Ich würde mich nicht wundern, wenn Usenext ab übermorgen von Dubai aus operiert.

Goran


----------



## Reducal (25 Januar 2007)

*AW: UseNext, Alphaload, Usepirate und andere ....*



goran schrieb:


> Ich würde mich nicht wundern, wenn Usenext ab übermorgen von Dubai aus operiert.


Also nimmer aus Bayern, ein Traum! :balloon:


----------



## Aka-Aka (25 Januar 2007)

*AW: UseNext, Alphaload, Usepirate und andere ....*



goran schrieb:


> 2005 nur noch 6% der Steuereinnahmen von 2003. Dafür freut sich Holland über die Mehreinnahmen.

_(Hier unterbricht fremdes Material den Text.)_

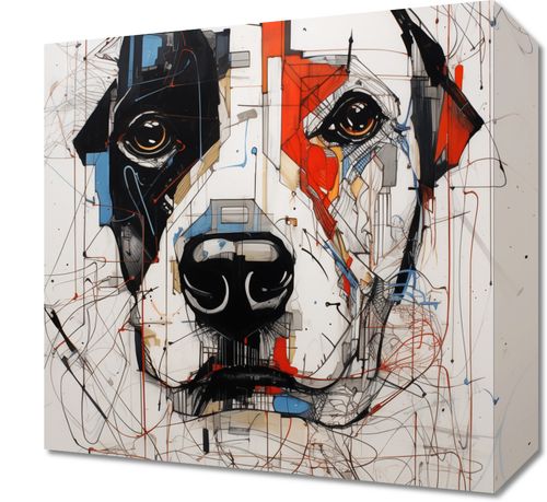 Obraz z serii abstrakcja zatytułowany Przyrysowany Psiak. Ta innowacyjna grafika przedstawia portret psa w stylu abstrakcyjnym, złożonym z kolorowych, geometrycznych kształtów i dynamicznych linii. Wyrafinowane połączenie street artu i sztuki współczesnej nadaje tej pracy wyjątkowy charakter. Plakat ten jest wyrazem artystycznej interpretacji więzi między ludźmi a ich zwierzęcymi towarzyszami, idealny dla miłośników psów i miłośników unikalnej sztuki miejskiej, świetnie nadaje się do nowoczesnych przestrzeni mieszkalnych, studiów artystycznych, czy jako centralny punkt w galeriach.

1. Milchmädchenrechnung - in NL zahlen die weniger Steuern und Firmen wie BU wären in Holland, selbst wenn es bei uns kein AVS gäbe. Wetten? "Wir wollen bleiben" - Heuchler! Und dann einen armen mittellosen GF aus Zoetermeer vorschieben, wenn es ans Bussgelder zahlen geht. Ach so, das war ja nicht BU - das waren ja die anderen 
2. zahlen die erwähnten ltd's von oben Steuern in De? Echt?
3. um welche Steuerausfälle geht es konkret? Belege?
Erwähnte BU zahlte 2003 meines Wissens 69.000 Euro Steuern für 6.8 Mio Euro Konzerngewinn. Steuerquote 1% (Quelle: Asoziale Marktwirtschaft, S. 70f)


----------



## Anonymus Connectus (25 Januar 2007)

*AW: UseNext, Alphaload, Usepirate und andere ....*



Aka-Aka schrieb:


> 2. zahlen die erwähnten ltd's von oben Steuern in De? Echt?


Zumindest bei Aviteo ist das sicher, definitiv - und das ganze sogar am Sitz ihrer Briefkastenadresse!


----------